In the 1920s, the artist and intellectual Roberto Pizano Restrepo (1896−1929) was one of the major and most influential supporters of the Spanish realist style of painting of such artists as Ignacio Zuloaga (1870−1945), and he was a fierce detractor of European avant-garde art, especially Cubism and Futurism. Pizano said things like: “Paris is an open door to every madness in art”. As a staunch conservative, Pizano helped shift Colombia’s perception of the international epicenter of the visual arts from Paris to Madrid. In this new scenario, an artist working in a “costumbrista” realist style, like Coriolano Leudo Obando (1886−1957), who had trained at the Academia de San Fernando in Madrid, fit exactly into Pizano’s vision of the new local model. Leudo’s painting La madre tierra therefore became a key work in helping to elucidate the resistance to avant-garde modernism in Colombia.
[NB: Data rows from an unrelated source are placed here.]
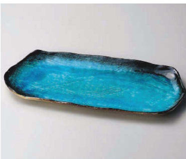
ト163-039 スカイホッケ皿 36.5×16.5×2.5cm (磁) JPN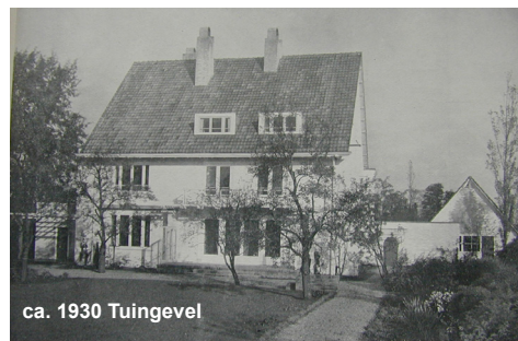
ca. 1930 Tuingevel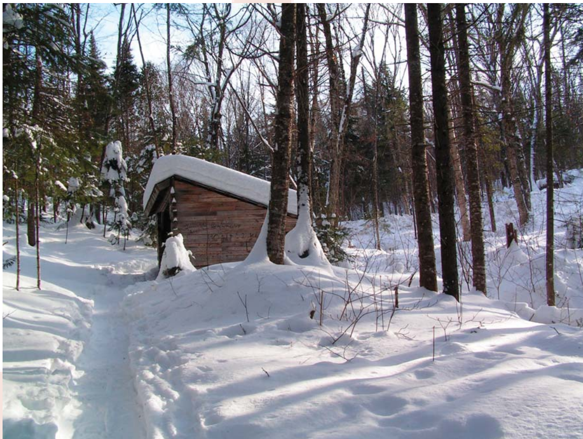
Le lean-to sur le sentier de la rivière Swaggin sera déménagé plus près de la rivière.

Sur un plan un peu moins positif, les municipalités de la MRC, qui versaient toutes une quote-part à la société, ont décidé de cesser ce paiement et de prendre à leur charge l'entretien des différents tronçons du SNQ qui traversent leur territoire. Cette nouvelle façon de faire est en essai pour un an. Espérons que

Leudo’s opposition to contemporary European avant-garde art was hailed by Pizano in an article that was published in the magazine Cromos, 309 (June 10, 1922), in which he claimed that the artist created La madre tierra “out of his imagination [and painted it] while looking at it in its natural state. There is nothing like it in the decadent French school.”
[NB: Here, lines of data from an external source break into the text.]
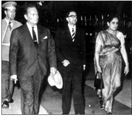
බණ්ඩාරනායක මැතිණිය සහ යුගෝස්ලාවියා ජනාධිපති විටෝ 1971 කොළඹ දී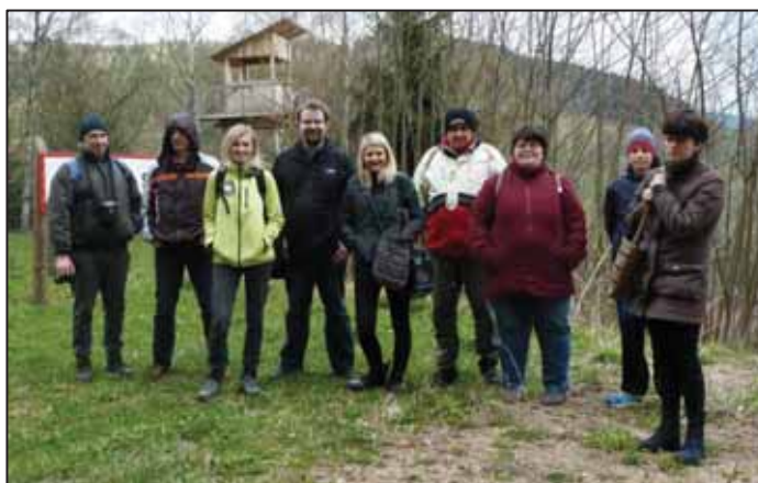
► Foto všech výletníků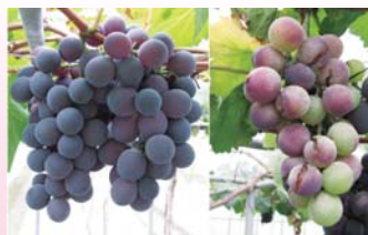
▲左：應用新技術之葡萄品質優良 右：一般栽培方式罹患白粉病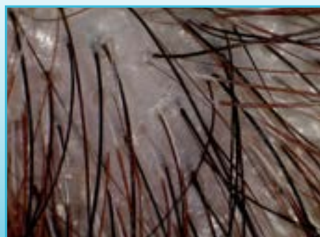
Αποτέλεσμα μικροσκοπικού τριχολογικού ελέγχου πριν τη θεραπεία (αριστερά) & 5 μήνες μετά τη θεραπεία PRP (δεξιά). Hairline (Μετωπιαία Γραμμή)

Pizano’s words certainly underscore his apparent ambiguity; on the one hand he championed traditional artistic languages associated with the so-called “españolería” [Spanish] and “costumbrismo” styles (both of which were the most regressive styles at the time) while dismissing more avant-garde experimentation. Pizano’s criticism, expressed in articles and reviews published in local magazines, therefore helped to delay the arrival in Colombia of a thoroughly modern artistic language.
On the other hand, Pizano’s contribution as a cultural promoter (as director of the Escuela de Bellas Artes in Bogotá and founder of the Museo de Reproducciones Artísticas) was—in view of the subsequent modernization of Colombian educational and cultural institutions—a crucial one. He brought to Colombia the first pedagogical museum collection (now known as the Pizano Collection); he lobbied for the construction of a building to house the Escuela de Bellas Artes in Bogotá and its museum (the first one in the country devoted specifically to art); and he introduced remarkable pedagogical reforms in that institution.